Il s’agit de barrières de toile pouvant être attachées entre elles afin d’obtenir la longueur désirée. Le prix de détail de base est d’environ 1000 $, mais le coût d’une barrière de 15 m de long par 2 m de haut faite de PVC s’élève à 10 000 $.

Manque de ressources

Selon M. Déry, le principal problème rencontré par son entreprise au Québec en est un de conjoncture.

«La Sécurité civile n’a pas le mandat d’intervenir lors des sinistres et les municipalités, via leurs services incendies, n’ont généralement pas les ressources financières nécessaires pour se prémunir de ces équipements, ajoute-t-il.

«C’est malheureux ce qui se passe en ce moment, mais je crois que ça va nous aider à améliorer nos ventes ici », estime l’homme d’affaires de Victoriaville, précisant que 0,5 % de son chiffre d’affaires, qui se situe à quelque millions $, était attribuable au Québec.

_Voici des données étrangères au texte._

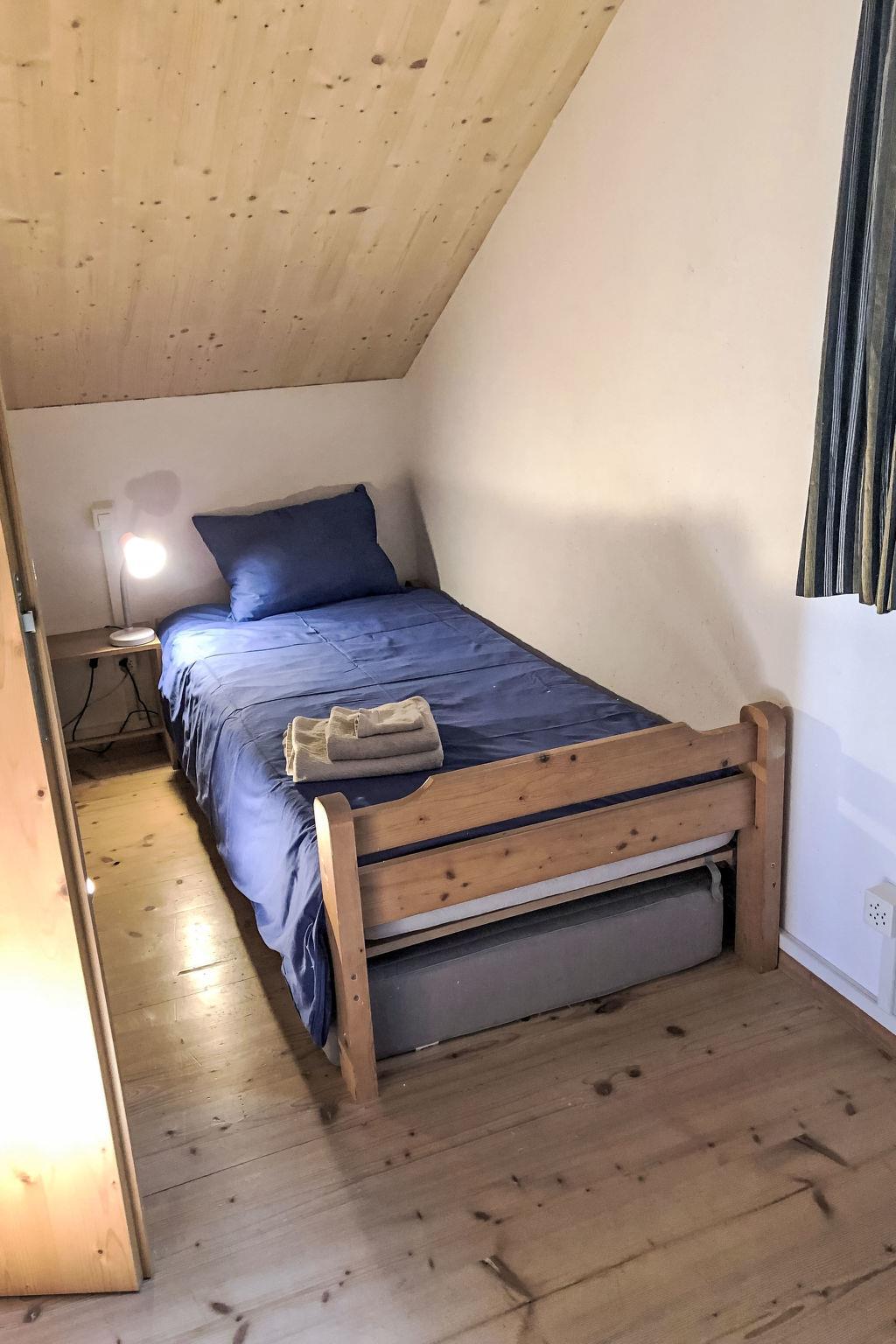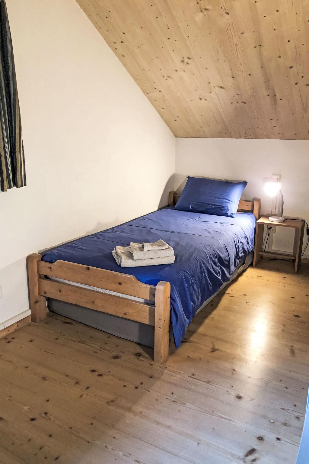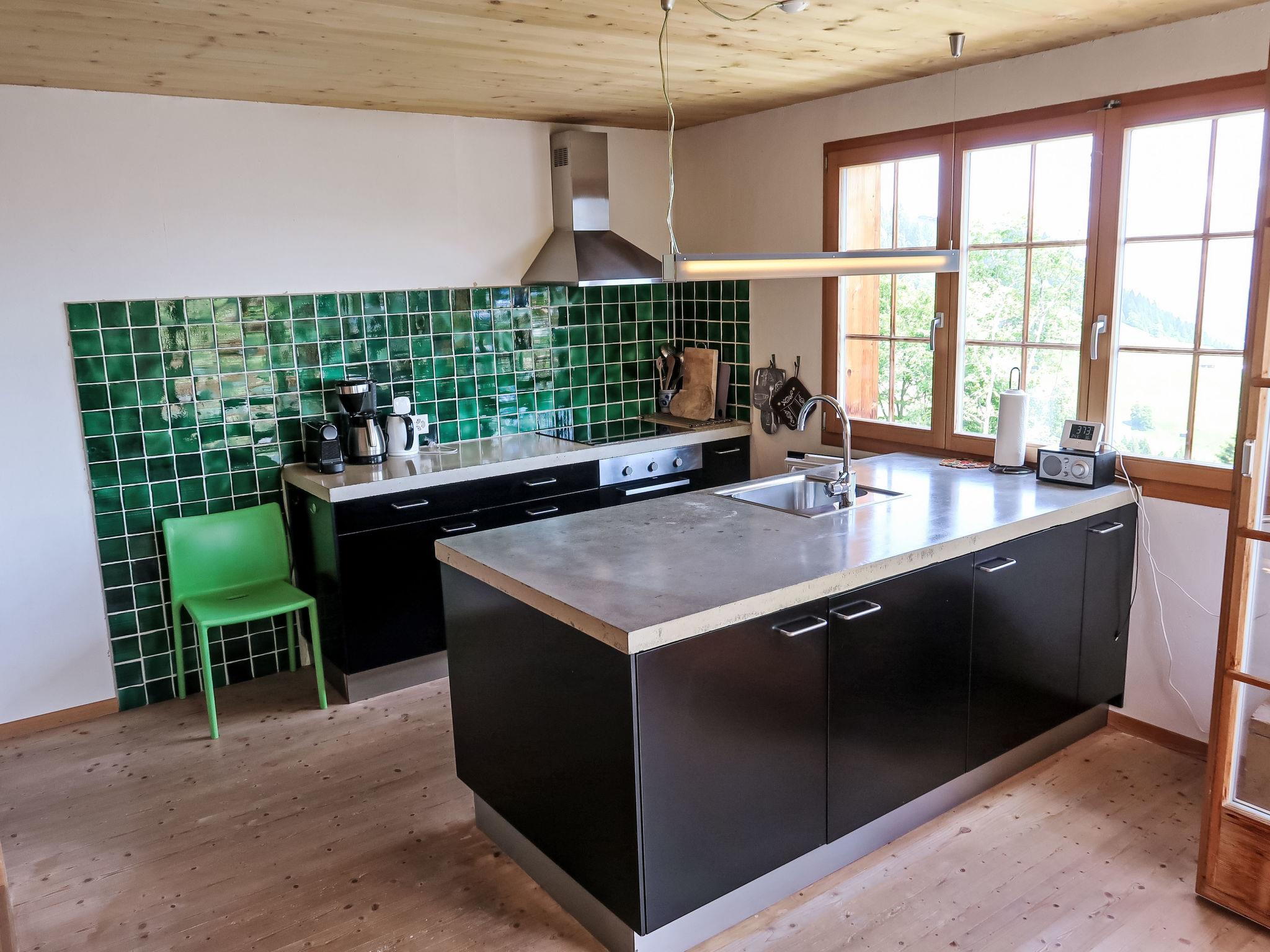 3-Zimmer-Chalet 92 m2 auf 2 Stockwerken. Hell, teilweise abgeschrägt, komfortabel und mit viel Holz eingerichtet: offenes Wohn-/Esszimmer mit Schwedenofen, Esstisch, Kabel-TV, Flachbildschirm und Radio. Ausgang zur Terrasse. Offene Küche (Backofen, Geschirrspüler, 4 Glaskeramikplatten, Tiefkühler, elektrische Kaffeemaschine, Fondue Set (Käse)). Bad/Dusche/WC. E-Heizung, Holzheizung, Boiler (300 Liter). Obergeschoss: 1 Doppelzimmer mit 1 Doppelbett (180 cm, Länge 200 cm). 1 Zimmer mit 2 Betten (90 cm, Länge 200 cm), 1 Schlafmöglichkeit (80 cm, Länge 180 cm). Holzdielenboden. Terrasse 12 m2. Terrassenmöbel, Liegestühle (2). Sehr schöne Panoramasicht auf die Berge, das Tal und die Landschaft. Zur Verfügung: Kinderhochstuhl, Babybett, Wickelkommode. Internet (WLAN, gratis). Garage in 100 m. Bitte beachten: geeignet für Familien. Nichtraucher-Unterkunft.

M. Déry affirme que quelques municipalités, dont Montréal et Boisbriand, ont voulu acheter le Water-Gate au cours des dernières semaines en prévision des inondations, mais que son entreprise n’a pas été en mesure de suffire à la demande, se retrouvant temporairement en rupture de stock.

Kilomètres de barrières

«Il y a six mois, nous avions plusieurs kilomètres de barrières dans notre entrepôt, mais nous avons eu plusieurs commandes successives de France et d’Angleterre. Nous n’avons plus rien, nous sommes à fabriquer pour des commandes datant du début de l’année. Nous avons ajouté un quart de soir afin de subvenir à la demande», indique-t-il.